A Good Catch

(An excerpt from Wisdom: A Love Story.)

A middle-aged person needs a strong spine to enter the contemporary dating milieu. The awfulness of it is reflected in articles with titles like “The do’s and don’ts of dating after 50,” “The 3 biggest dating deal-breakers for those over 50,” and “How to make dating after 50 more fun and less stressful.”  The headlines tell of the treachery built right in.  Most middle-aged daters have loved and lived and lost, whether through divorce, death, job loss, or health woes.  They’ve accrued life experiences good and bad.  Those with the good don’t want to get taken, and those with the bad want better.  Hence advice that has the same tone as articles about avoiding financial scammers or not putting off a colonoscopy.  Dating is a dangerous playground if you’re not prepared.

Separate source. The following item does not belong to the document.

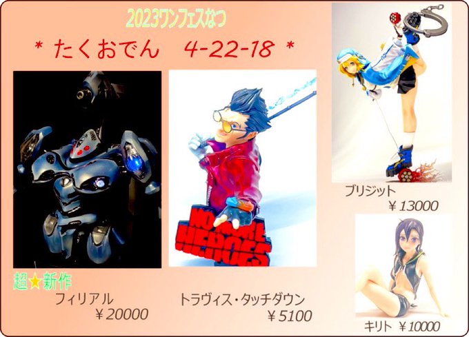 #WF2023Sおしながき #WF2023S ・新作 アーマド・コア2:フィリアル NO MORE HEROES3:トラヴィス ・再販 GUILTYGEAR-Strive-:ブリジット ソードアートオンライン:キリト キット詳細はそれぞれのツイートを確認ください 卓にある商品名ふせんを渡してもらう販売方式にしております よろしくです!!

For women, there’s the added caution about choosing an outfit, meeting in a public place, and steering clear of first-date sex.  It could almost be advice for adolescents.  The irony about dating advice for middle-aged people is that, even though ostensibly you’ve lived long enough to cultivate some wisdom, it’s assumed that, if you don’t thoroughly prepare, you could blithely walk into disappointment or even disaster.  A date who is actually ten years older than their stated age.  Or ten years younger and thinks you have money: to wit, a scammer. He might be dangerous.  She might have grown children living in her basement. Or the person is penniless.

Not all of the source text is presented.